3. Commit Both Files

git add bellwether.yaml .bellwether/bellwether-baseline.json
git commit -m "Add Bellwether configuration and baseline"

GitHub Actions

Basic Drift Detection

name: MCP Drift Detection
on: [pull_request]

jobs:
bellwether:
runs-on: ubuntu-latest
steps:
- uses: actions/checkout@v4

- name: Run Bellwether Check
run: npx @dotsetlabs/bellwether check --fail-on-drift

Ensure bellwether.yaml is committed.
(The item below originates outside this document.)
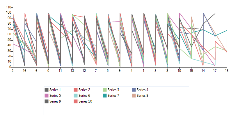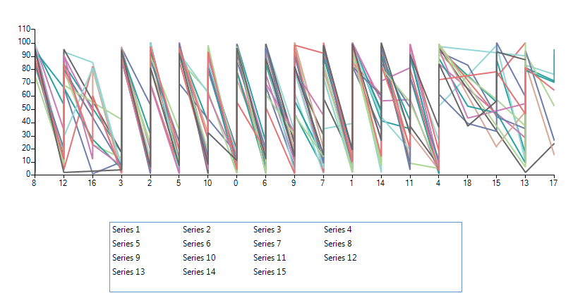 Sub New() InitializeComponent() Dim rand As New Random Dim list As New List(Of LineSeries) For index = 1 To 15 Dim ls As New LineSeries ls.LegendTitle = "Series " & index list.Add(ls) Next For index = 1 To 100 For Each s As LineSeries In list s.DataPoints.Add(New CategoricalDataPoint(index, rand.Next(0, rand.Next(5, 20)))) Next Next Me.RadChartView1.Series.AddRange(list.ToArray()) Me.RadChartView1.ShowLegend = True Me.RadChartView1.ChartElement.LegendPosition = LegendPosition.Bottom End SubFriend Class MyChartInherits RadChartView Protected Overrides Function CreateChartElement() As RadChartElement Return New MyChartElement() End FunctionEnd ClassFriend Class MyChartElementInherits RadChartElement Protected Overrides Function CreateChartLegendElement() As ChartLegendElement Return New MyLegendElement(Me) End Function Protected Overrides ReadOnly Property ThemeEffectiveType() As Type Get Return GetType(RadChartElement) End Get End PropertyEnd ClassFriend Class MyLegendElementInherits ChartLegendElement Private panel As RadListViewElement Public Sub New(chartElement As RadChartElement) MyBase.New(chartElement) End Sub Protected Overrides Sub OnLegendInfosCollectionChanged(e As Telerik.WinControls.Data.NotifyCollectionChangedEventArgs, providerChange As Boolean) MyBase.OnLegendInfosCollectionChanged(e, providerChange) If e.Action = Telerik.WinControls.Data.NotifyCollectionChangedAction.Add Then Dim li As LegendItem = TryCast(e.NewItems(0), LegendItem) panel.Items.Add(li.Title) End If End Sub Protected Overrides Sub CreateChildElements() MyBase.CreateChildElements() panel = New RadListViewElement() panel.StretchHorizontally = True panel.StretchVertically = False panel.ViewType = ListViewType.IconsView panel.ItemSize = New Drawing.Size(100, 20) panel.ShouldHandleMouseInput = True panel.NotifyParentOnMouseInput = False panel.MaxSize = New Drawing.Size(500, 100) Me.StackElement.Visibility = Telerik.WinControls.ElementVisibility.Collapsed Me.Children.Add(panel) End Sub Protected Overrides ReadOnly Property ThemeEffectiveType() As Type Get Return GetType(ChartLegendElement) End Get End PropertyEnd ClassNote that this is just a sample approach and it may not handle all possible cases. Feel free to modify it in a way which suits your requirement best.

Configure your server command and baseline paths in bellwether.yaml:

server:
command: "npx @mcp/your-server"

baseline:
comparePath: "./bellwether-baseline.json"
failOnDrift: true

Using GitHub Action

For a streamlined experience, use the official GitHub Action:

- name: Detect Behavioral Drift
uses: dotsetlabs/bellwether@v2.1.3
with:
version: '2.1.3'
server-command: 'npx @mcp/your-server'
baseline-path: './bellwether-baseline.json'
fail-on-severity: 'warning'

The action auto-creates bellwether.yaml with --preset ci if not found.

Action Inputs

InputDescriptionDefault
versionBellwether npm version to install (pin for reproducibility)action ref (semver only)
server-commandMCP server command (required)-
server-argsArguments to pass to the server''
config-pathPath to bellwether.yamlbellwether.yaml
baseline-pathPath to baseline filebellwether-baseline.json
save-baselineSave baseline after checkfalse
output-dirDirectory for output files.
formatOutput format: text, json, compact, github, markdown, junit, sarifgithub
min-severityMinimum severity to report: none, info, warning, breakinginfo
fail-on-severityFailure threshold: none, info, warning, breakingbreaking
accept-driftAccept detected drift and update baselinefalse
accept-reasonReason for accepting drift''
upload-sarifUpload SARIF to GitHub Code Scanningtrue

Action Outputs

OutputDescription
resultpassed or failed
exit-codeSemantic exit code (0-5)
severityHighest severity: none, info, warning, breaking, low_confidence
drift-detectedtrue or false
tool-countNumber of tools discovered
breaking-countNumber of breaking changes
warning-countNumber of warning changes
info-countNumber of info changes
doc-scoreDocumentation quality score (0-100)
doc-gradeDocumentation quality grade (A-F)
security-findingsNumber of security findings
contract-mdPath to CONTRACT.md
baseline-filePath to baseline file
sarif-filePath to SARIF file
junit-filePath to JUnit XML file

Artifacts

The action automatically uploads:

  • bellwether-docs - The generated CONTRACT.md
  • bellwether-baseline - The baseline file (if saved)
  • bellwether-report - The JSON report

Save Baseline with Action

- name: Check and Save Baseline
uses: dotsetlabs/bellwether@v2.1.3
with:
version: '2.1.3'
server-command: 'npx @mcp/your-server'
save-baseline: 'true'

- name: Commit Baseline
uses: stefanzweifel/git-auto-commit-action@v5
with:
commit_message: 'Update MCP baseline'
file_pattern: '.bellwether/bellwether-baseline.json'

Action with Server Environment Variables

If your MCP server needs secrets, use interpolation in your config:

# bellwether.yaml
server:
command: "npx @mcp/your-server"
env:
API_KEY: "${API_KEY}"
# workflow
- name: Test with Secrets
uses: dotsetlabs/bellwether@v2.1.3
with:
version: '2.1.3'
server-command: 'npx @mcp/your-server'
env:
API_KEY: ${{ secrets.API_KEY }}

Explore Mode with LLM (Documentation Only)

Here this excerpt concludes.